Wednesday, September 11, 2013

Engaging, With Some Flaws

Stage Daughter by Sheryl Sorrentino (Self-Published, 2013, 358pp.)

Sonya Schoenberg, once an aspiring actress with big dreams, has now resigned herself to single motherhood. For the past twelve years, she has been a dedicated parent, doing her best to support her daughter’s creative side by enrolling her in San Francisco’s prestigious Oakland Regional Conservatory for the Arts.The problem? Sonya thinks Razia should be a drama student; Razia would rather be an artist. But what are offspring for, if not to fulfill their parents’ failed dreams? The other problem? Razia wants to meet her biological father. Not going to happen, as far as Sonya is concerned. But Razia is determined. She discovers that her father is none other than Aziz Qureshi, a celebrated Kawaiti-born yoga instructor who’s married with two children—and completely unaware of her existence.
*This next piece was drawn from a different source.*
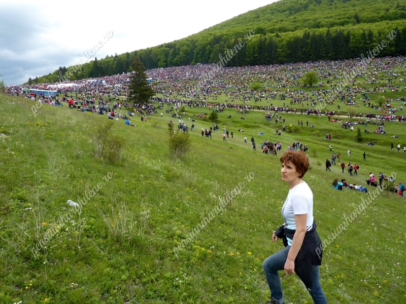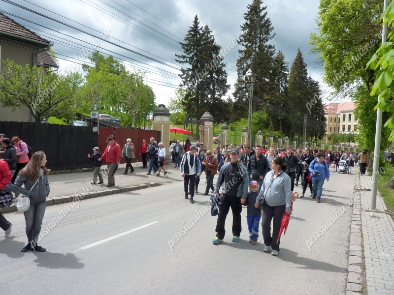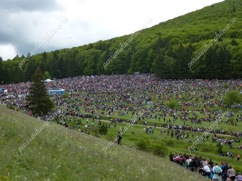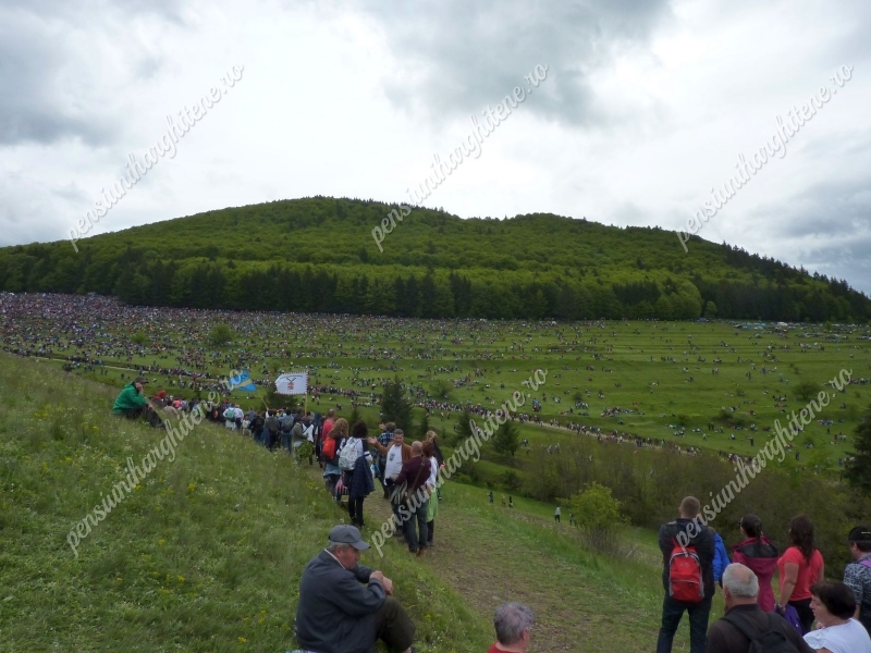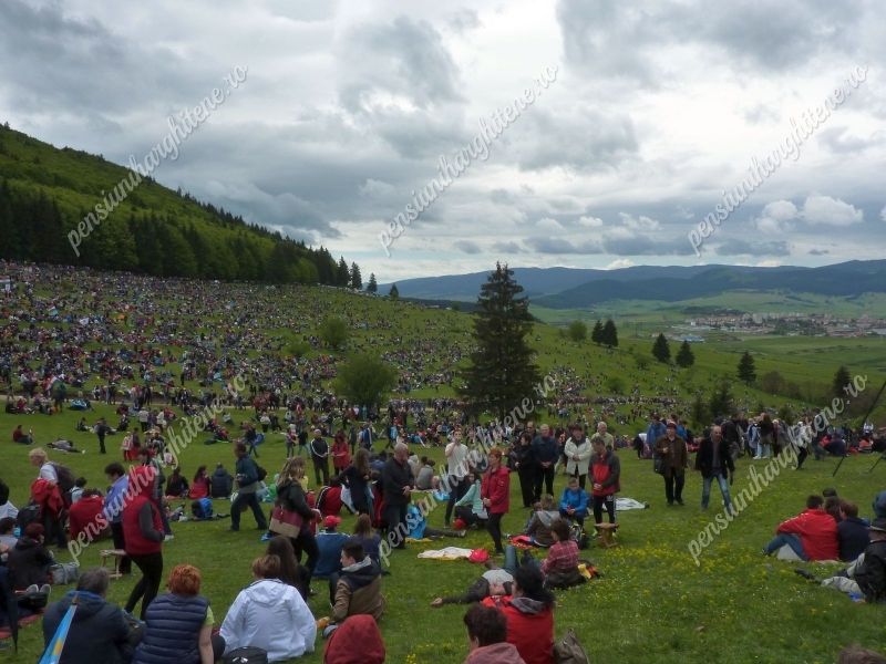 Kilenc órakor indultunk el a szállásunkról Csíksomlyóra. Andi, Tomi, Zsani, Edit és Éva. Ahogyan közeledtünk, kilométereken keresztül már csak lépésben haladtunk, hömpölygött a tömeg a zarándokhely felé. „Véletlenül” Andi dobott egy balost egy rendõr mellett, ezért sikerült a tavalyi évekkel ellentétben most egy szuper parkolóhelyet találnunk a szántóföldeken. (zabföld volt…) Az utolsó helyeket foglaltuk el a „parkolóban”, ahol még nem süllyedtünk be a sárba. Rengetegen voltunk, gyülekeztek a zarándokok, gyalog, kocsival, buszokkal. Jó volt csatlakozni a zsibongó tömeghez, ki milyen céllal érkezett nem számít, valahol egy biztos: Isten áldása kísért minket. Mindenkinek arcára volt írva a várakozás, a tisztelet e szent nap iránt.
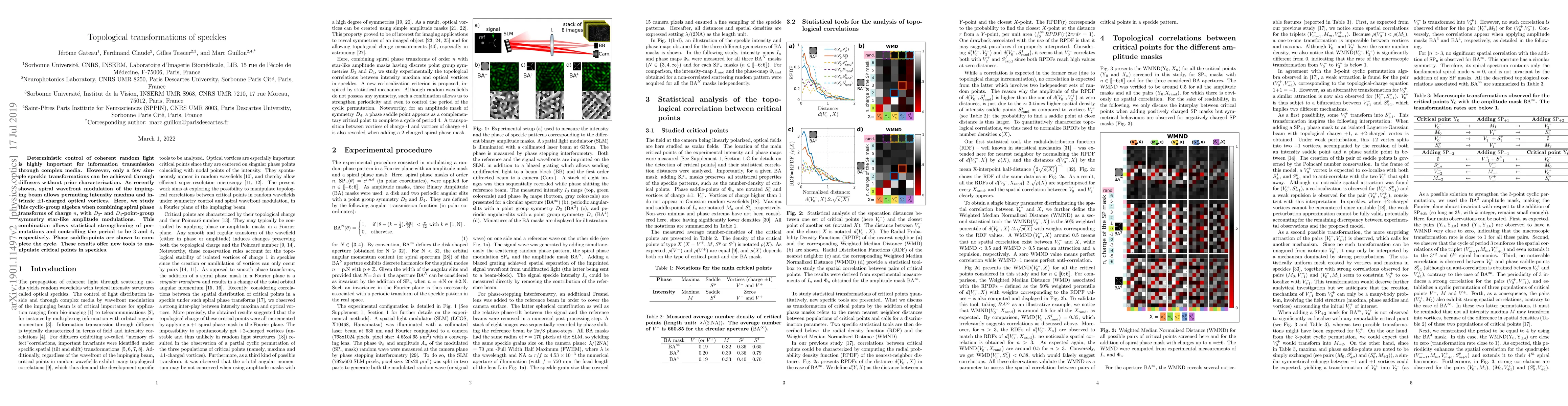 Deterministic control of coherent random light is highly important for information transmission through complex media. However, only a few simple speckle transformations can be achieved through diffusers without prior characterization. As recently shown, spiral wavefront modulation of the impinging beam allows permuting intensity maxima and intrinsic $\pm 1$-charged optical vortices. Here, we study this cyclic-group algebra when combining spiral phase transforms of charge $n$, with $D_3$- and $D_4$-point-group symmetry star-like amplitude modulations. This combination allows statistical strengthening of permutations and controlling the period to be 3 and 4, respectively. Phase saddle-points are shown to complete the cycle. These results offer new tools to manipulate critical points in speckles.

To her anger, Sonya forbids her from having anything to do with him. Bitter drama ensues as Aziz fights Sonya for the right to be in his new-found daughter’s life. While I enjoyed the story, I felt that at 358 pages, the novel runs a little overlong because of its limited range of action. Sonya’s role in the story is somewhat limited by her repetitive behavior (insulting Aziz, blaming other people for her problems, etc.), which has the potential to affect the pacing. Regardless of this, however, it’s overall an engaging story worth reading at least once. I would definitely be interested in reading more of this author’s work.